Any logic flaw (for example a user being able to create another user with more privileges by design) would also not be picked up by an automated tool.
Any chain of vulnerabilities would not be correlated, like for instance how to use a low risk info leak, together with a medium risk DOM XSS together with another low risk vulnerability to change a user's password to anything the attacker wants (this is an actual example I have seen).
Testing DOM XSS with a plain (usual) scanner like most of those commercial tools is quite difficult as they don't have a Javascript runtime, so they will miss most of it.
Also for things that are testable, a tool may have several patterns to try, but will probably miss more complex cases. For example what if an application had a blacklist filter for XSS that explicitly blocks alert(1) and all of the attack vectors from the tool had that as the payload? Getting through a blacklist filter is almost always possible, but is very hard for an automated tool.
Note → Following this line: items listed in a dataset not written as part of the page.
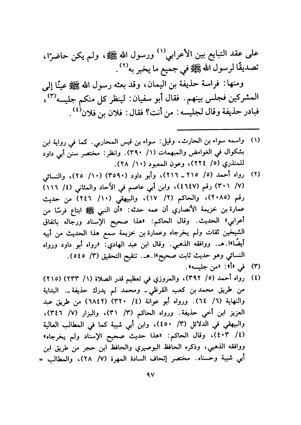 (¬٤) رواه أحمد (٥/ ٣٩٢)، والمروزي في تعظيم قدر الصلاة (١/ ٢٣٣) (٢١٥) من طريق محمد بن كعب القرظي - ومحمد لم يدرك حذيفة -. البداية والنهاية (٦/ ٦٤). ورواه أبو عوانة (٤/ ٣٢٠) (٦٨٤٢) من طريق عبد العزيز ابن أخي حذيفة. ورواه الحاكم (٣/ ٣١)، والبزار (٧/ ٣٤٦)، والبيهقي في الدلائل (٣/ ٤٥٠)، وابن أبي شيبة كما في المطالب العالية (٤/ ٤٠٣)، وقال الحاكم: "هذا حديث صحيح الإسناد ولم يخرجاه" ووافقه الذهبي، وذكره الحافظ البوصيري والحافظ ابن حجر من طريق ابن أبي شيبة وحسناه. مختصر إتحاف السادة المهرة (٧/ ٢٨)، والمطالب =
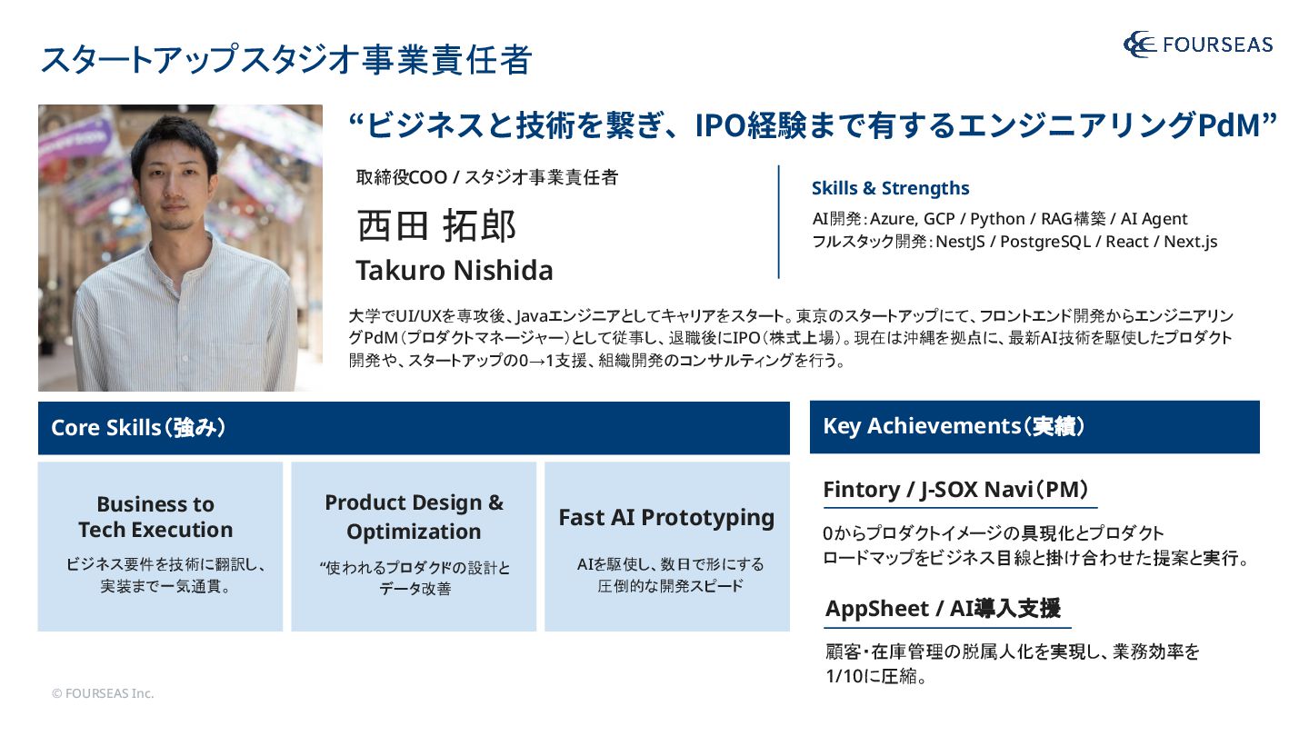 西田 拓郎 Takuro Nishida “ビジネスと技術を繋ぎ、IPO経験まで有するエンジニアリングPdM” 大学でUI/UXを専攻後、Javaエンジニアとしてキャリアをスタート。東京のスタートアップにて、フロントエンド開発からエンジニアリン グPdM(プロダクトマネージャー)として従事し、退職後にIPO(株式上場)。現在は沖縄を拠点に、最新AI技術を駆使したプロダクト 開発や、スタートアップの0→1支援、組織開発のコンサルティングを行う。 AI開発:Azure, GCP / Python / RAG構築 / AI Agent フルスタック開発:NestJS / PostgreSQL / React / Next.js Skills & Strengths Business to Tech Execution ビジネス要件を技術に翻訳し、 実装まで一気通貫。 Fintory / J-SOX Navi(PM) 0からプロダクトイメージの具現化とプロダクト ロードマップをビジネス目線と掛け合わせた提案と実行。 AppSheet / AI導入支援 Product Design & Optimization “使われるプロダクト ”の設計と データ改善 Fast AI Prototyping AIを駆使し、数日で形にする 圧倒的な開発スピード 顧客・在庫管理の脱属人化を実現し、業務効率を 1/10に圧縮。 Core Skills(強み) Key Achievements(実績)
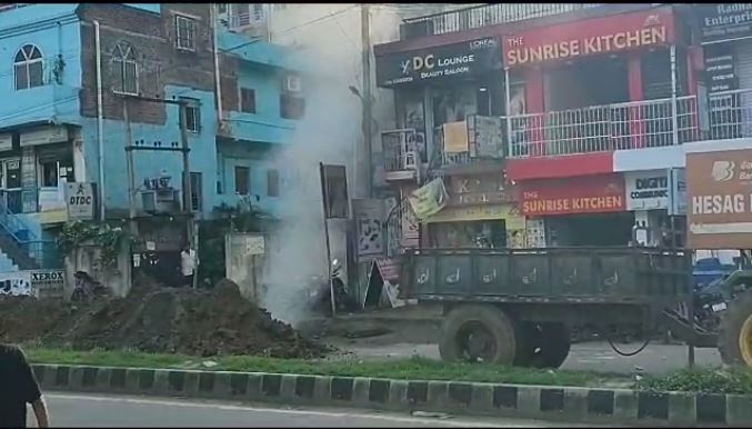 रांची (RANCHI) : राजधानी रांची में मंगलवार को एक बड़ा हादसा टल गया है. बता दें कि शहर के सिंहमोड के पास पीएजी गैस पाइप फट गया था. मिली जानकारी के अनुसार बिजली का केबल बिछाया जा रहा था. इसी बीच पीएजी का गैस पाइप फट जाता है. जिससे चारो तरफ अफरा-तफरी मच गई.
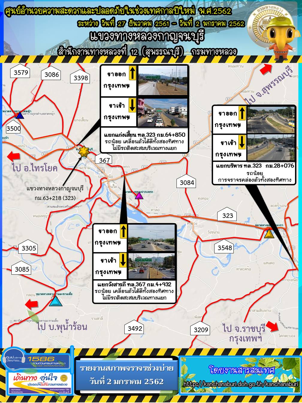 รายงานสภาพจราจรรอบบ่าย วันที่ 2 มกราคม 2562
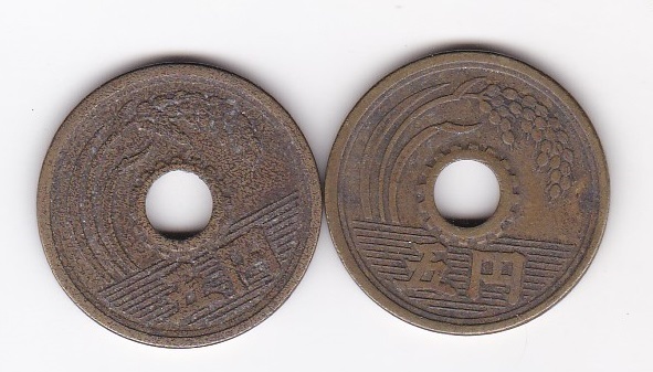 ◇5円黄銅貨 明朝 昭和26年 2枚★
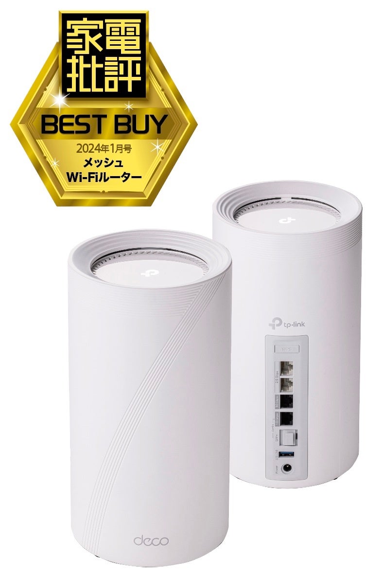 次代のWi-Fi規格の「Wi-Fi 7」にいち早く対応したルーター。5GHz帯の下りは平均速度で1.2Gbpsと他を圧倒。今回の製品中でも最速で、上りの平均速度でも全体で2番手と文句ありません。通信経路をあらわすストリーム数も12と余裕があり、これによって同時接続のWi-Fi器が増えても安定した通信ができます。本体サイズは大きいですが、白い筒型のデザインのために設置面積はそれほど必要としません。
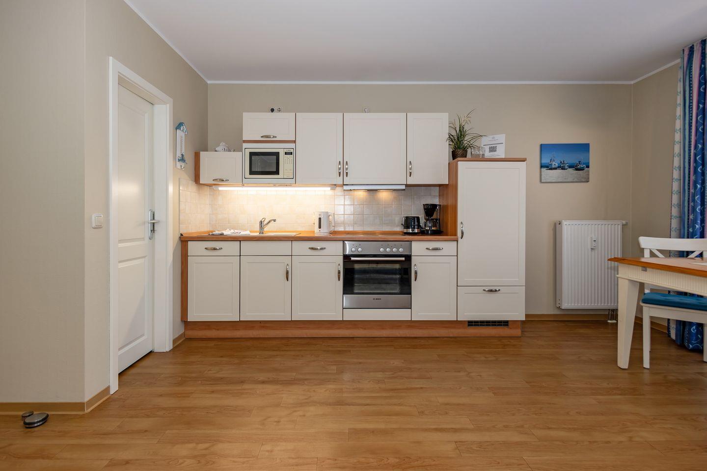 Das hochwertige Interieur der Ferienwohnung zeigt sich in einer voll ausgestatteten offenen Küche mit Backofen, Mikrowelle und Geschirrspüler. Auch Bügeleisen und Bügelbrett stehen euch zur Verfügung ebenso wie ein Fernseher und eine HiFi-Anlage. Dusche und WC sind separiert vom Bad, das euch auch einen Föhn bereitstellt. Vom westlich gelegenen Balkon aus genießt ihr einen seitliche Meerblick auf die nahe Ostsee.
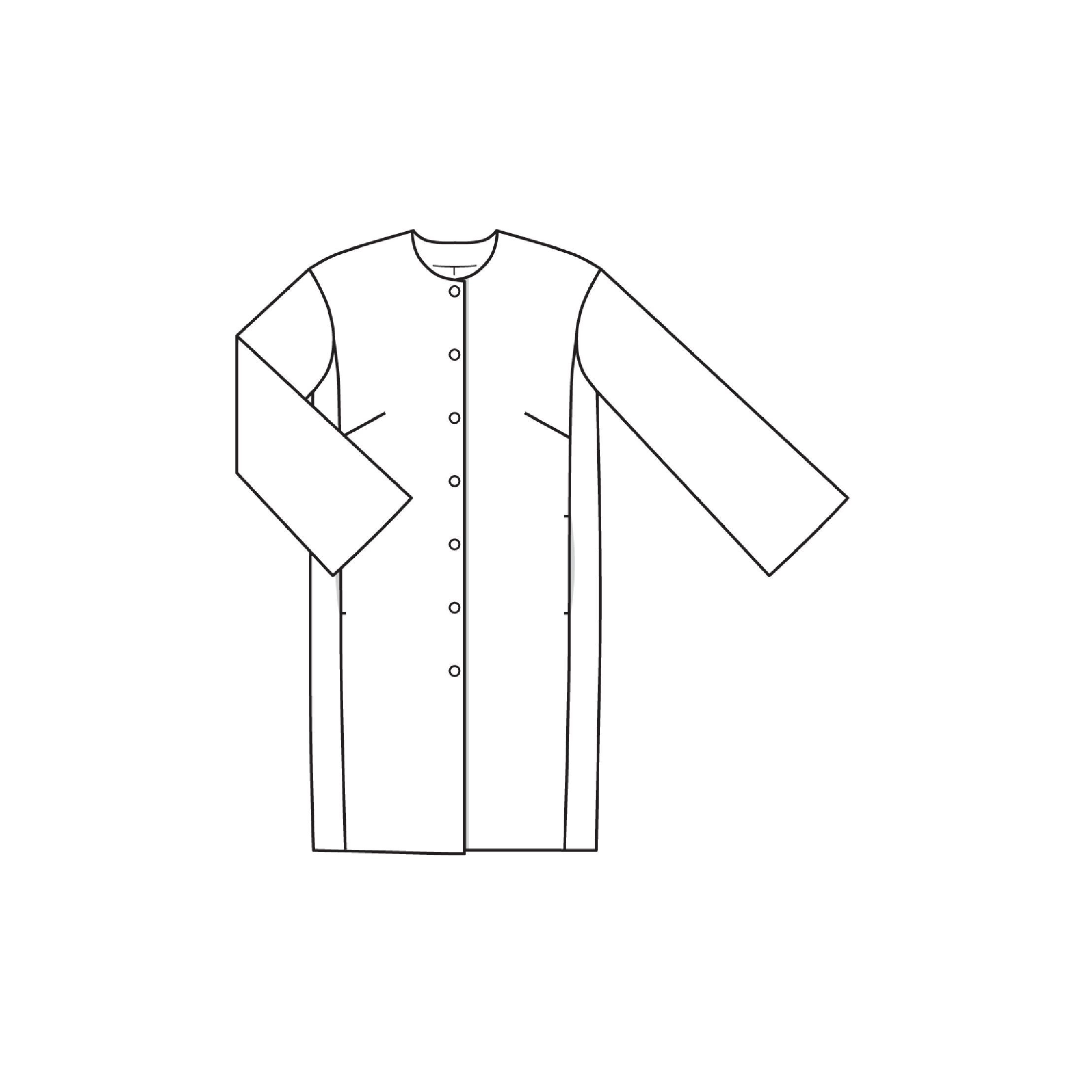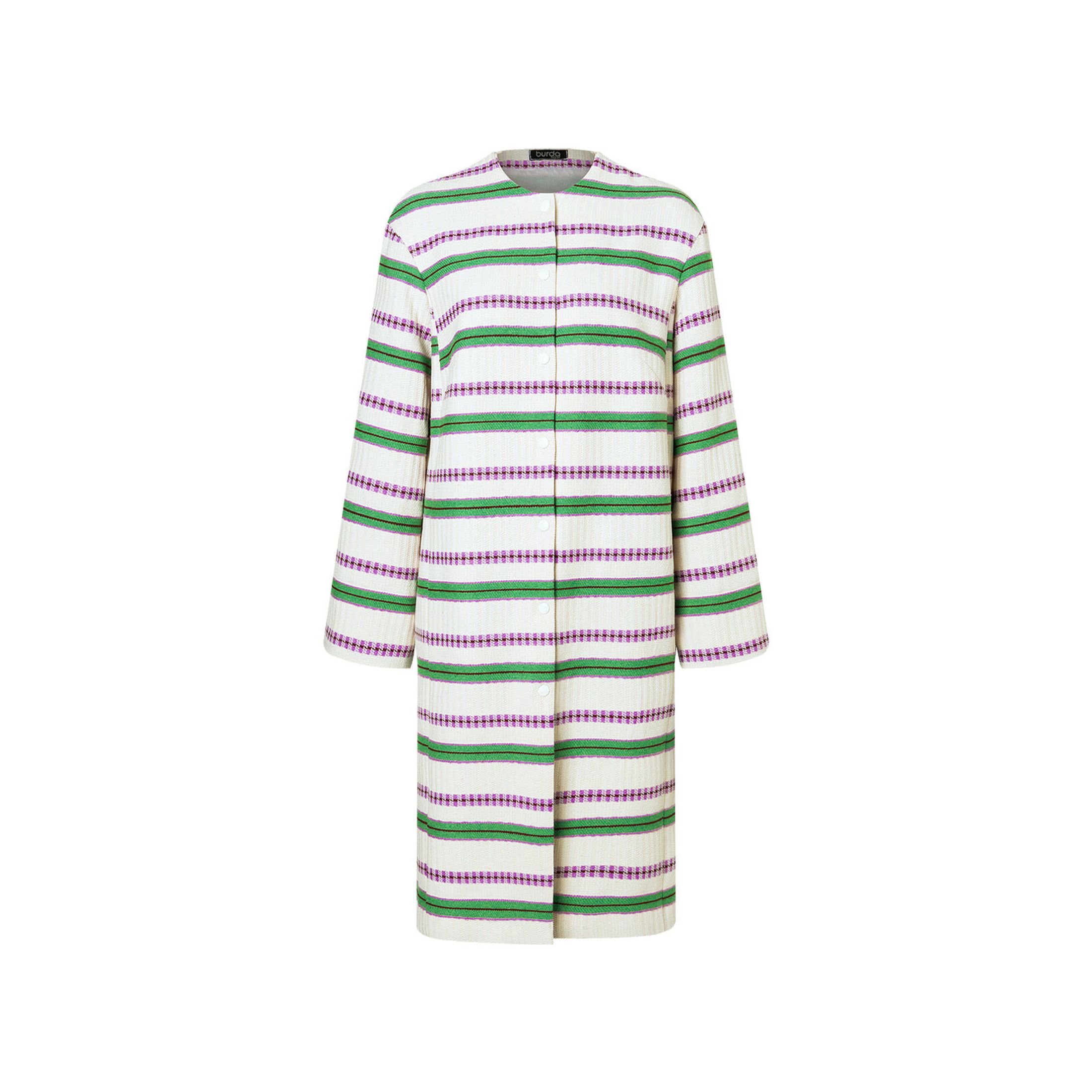 Nonchalant op een spijkerbroek of bij een mooie cocktailjurk: de eenvoudige mantel met laag aangezette mouwen en zakken in de naad past bij vrijwel elke look. De mantel kan – indien gewenst – eenvoudig worden ingekort of verlengd.
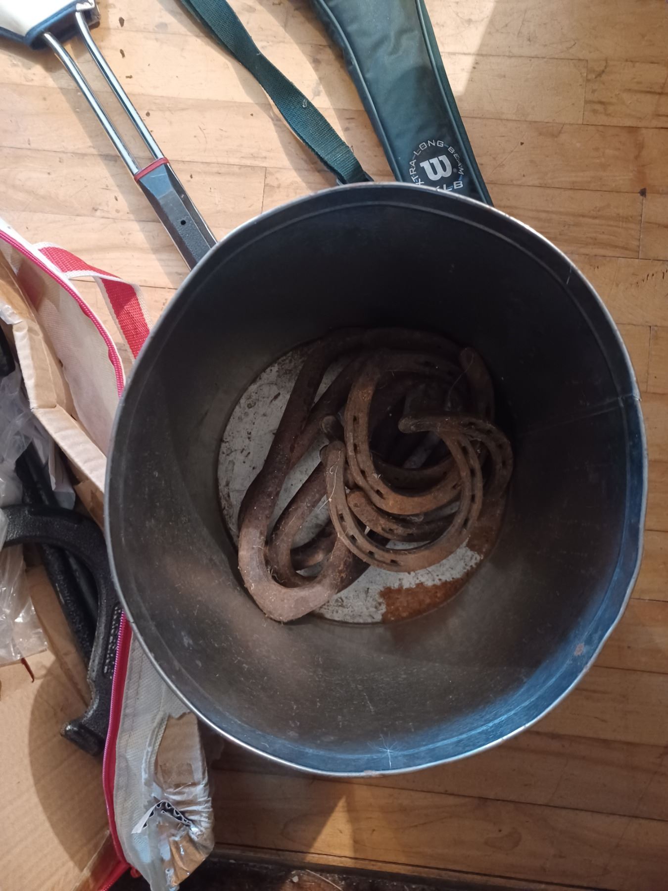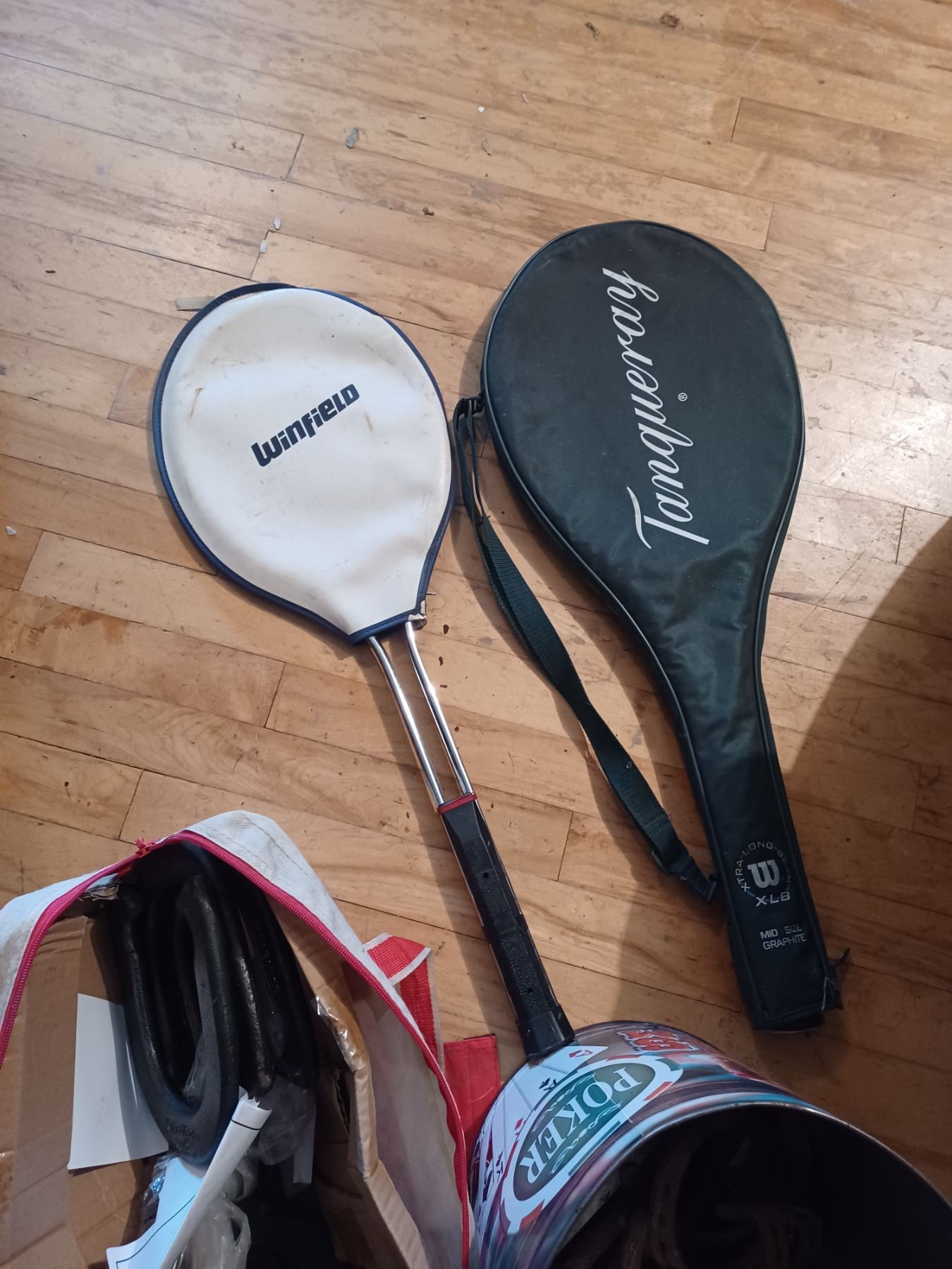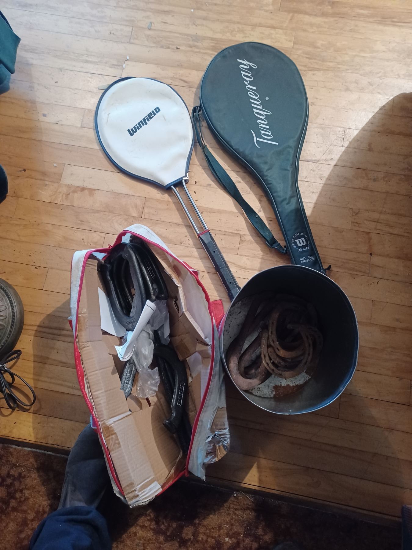 HORSESHOE GAME, TIN CAN AND TENNIS RACKET
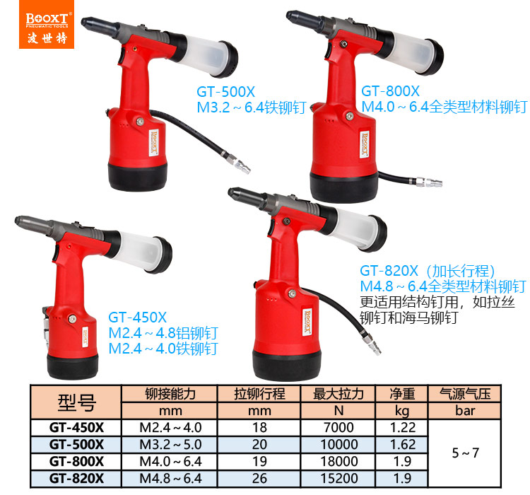東莞市強(qiáng)勁五金工具有限公司提供臺灣BOOXT波世特品牌氣動工具,氣動鉚釘槍GT-450X廠家直銷,首件享特價(jià)。咨詢熱線:4008301980
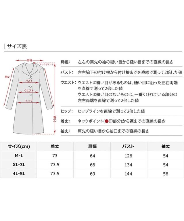 4L−5L/着丈73.5|肩幅69|身幅72|袖丈56
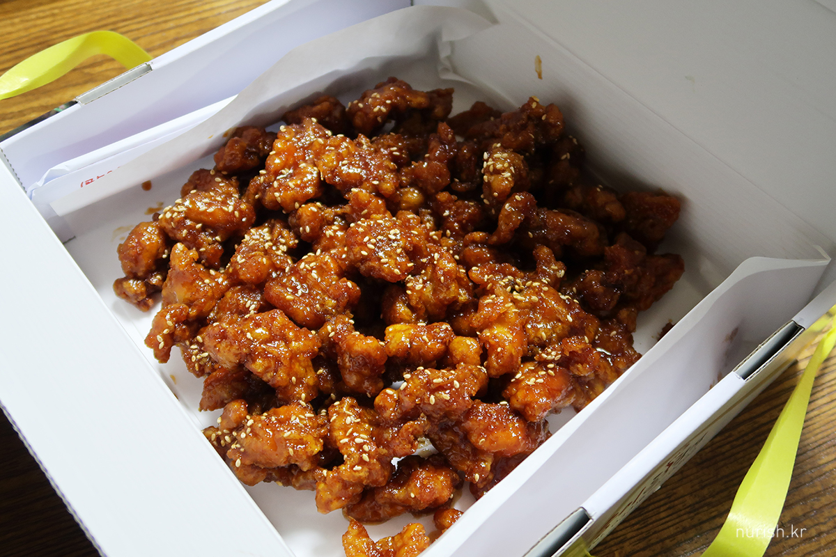 집에 가서 먹을 닭강정 한 상자 사들고

Or consider DoS. How would an automated tool find that?
For a final example, what about buffer overflow in an uploaded and processed file, say a user uploads an image which gets resized by a server side library, vulnerable to bof. How could the automated tool know that's the case and how would it create an exploit for it?
These are just a bunch of examples, I'm sure others will cite a lot more.
In short,
there are whole classes of vulnerabilities that cannot be tested for in the generic case
even for vulnerabilities that are automatically testable, it is pretty much impossible to write comprehensive tests (a set of tests that finds all instances of the vulnerability).
Of course with all of this in mind, I think there is nothing wrong with using tools to make several things quicker. However, any result from a tool needs to be reproduced by the tester, and also he must be aware of the limitations of the tool to be able to augment results with more creative attacks.